YOUR ASSIGNMENT: Write out, word for word, the part of the listing below that opens with the line containing "サッカーシューズ エナメルペンダント 1.5mmフラットマリナーチェーンネックレス" and closes with the line containing "Zeama bordeleza (Bouille", keeping both of those lines and adding no others.

RECORDS PROVIDED:
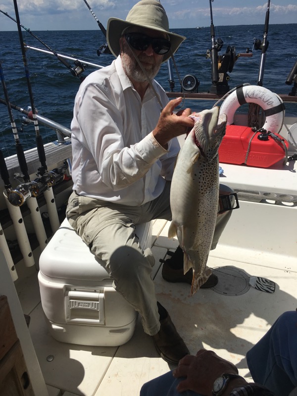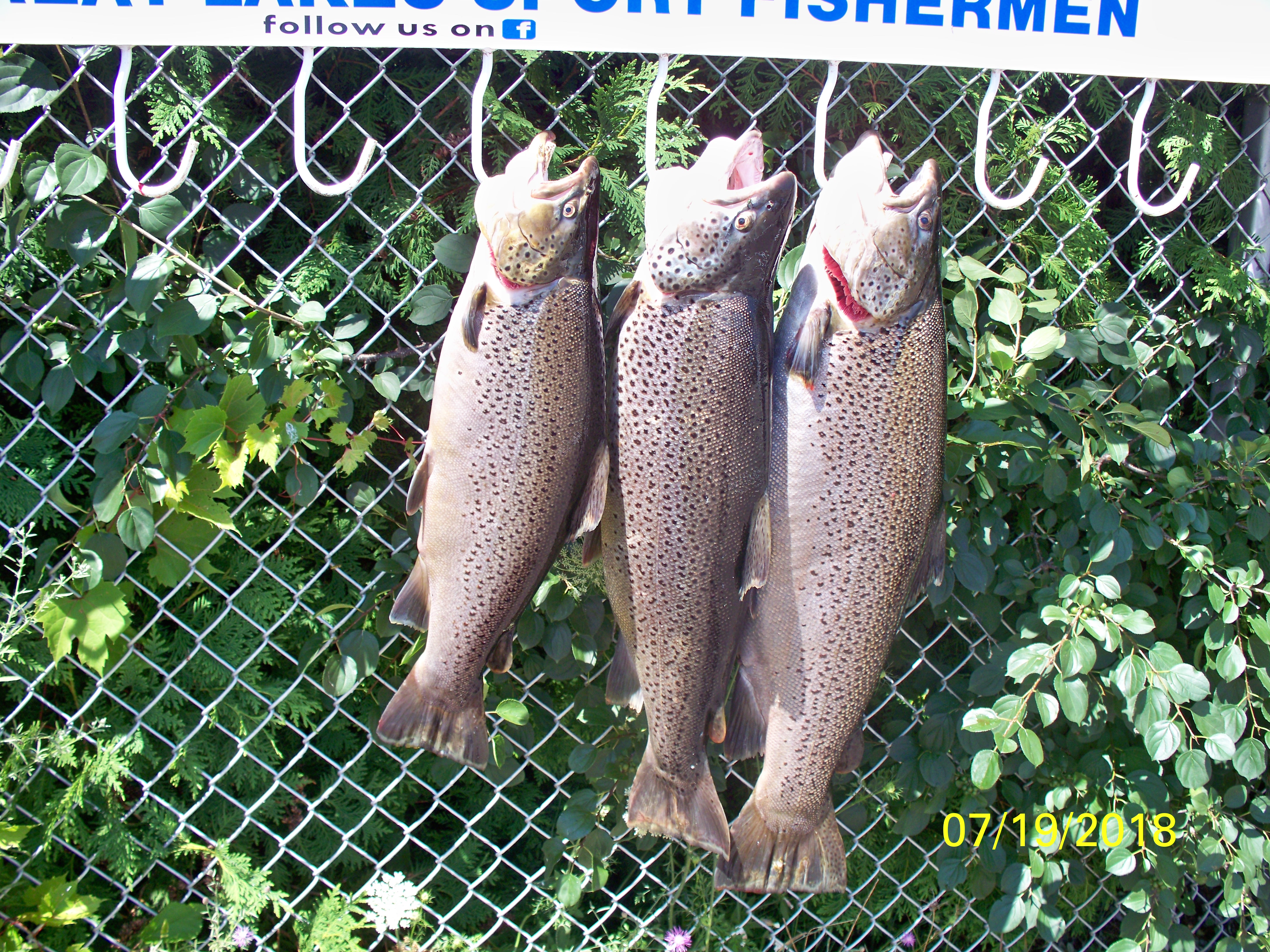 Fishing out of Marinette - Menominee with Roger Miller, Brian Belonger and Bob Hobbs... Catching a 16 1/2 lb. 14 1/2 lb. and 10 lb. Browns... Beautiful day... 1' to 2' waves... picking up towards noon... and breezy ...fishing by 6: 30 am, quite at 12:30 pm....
...
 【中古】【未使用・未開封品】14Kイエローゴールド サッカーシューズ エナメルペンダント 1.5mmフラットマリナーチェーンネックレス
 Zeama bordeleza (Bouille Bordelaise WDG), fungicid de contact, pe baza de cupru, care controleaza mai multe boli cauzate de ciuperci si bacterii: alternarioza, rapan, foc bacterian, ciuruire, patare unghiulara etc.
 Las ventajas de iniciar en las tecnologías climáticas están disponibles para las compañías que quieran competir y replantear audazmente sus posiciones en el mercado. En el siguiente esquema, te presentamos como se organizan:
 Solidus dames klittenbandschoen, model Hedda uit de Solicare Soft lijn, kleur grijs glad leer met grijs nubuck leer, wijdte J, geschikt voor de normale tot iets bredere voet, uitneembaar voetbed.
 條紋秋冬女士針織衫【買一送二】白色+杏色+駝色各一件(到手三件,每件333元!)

EXERCISE RESPONSE:
 【中古】【未使用・未開封品】14Kイエローゴールド サッカーシューズ エナメルペンダント 1.5mmフラットマリナーチェーンネックレス
 Zeama bordeleza (Bouille Bordelaise WDG), fungicid de contact, pe baza de cupru, care controleaza mai multe boli cauzate de ciuperci si bacterii: alternarioza, rapan, foc bacterian, ciuruire, patare unghiulara etc.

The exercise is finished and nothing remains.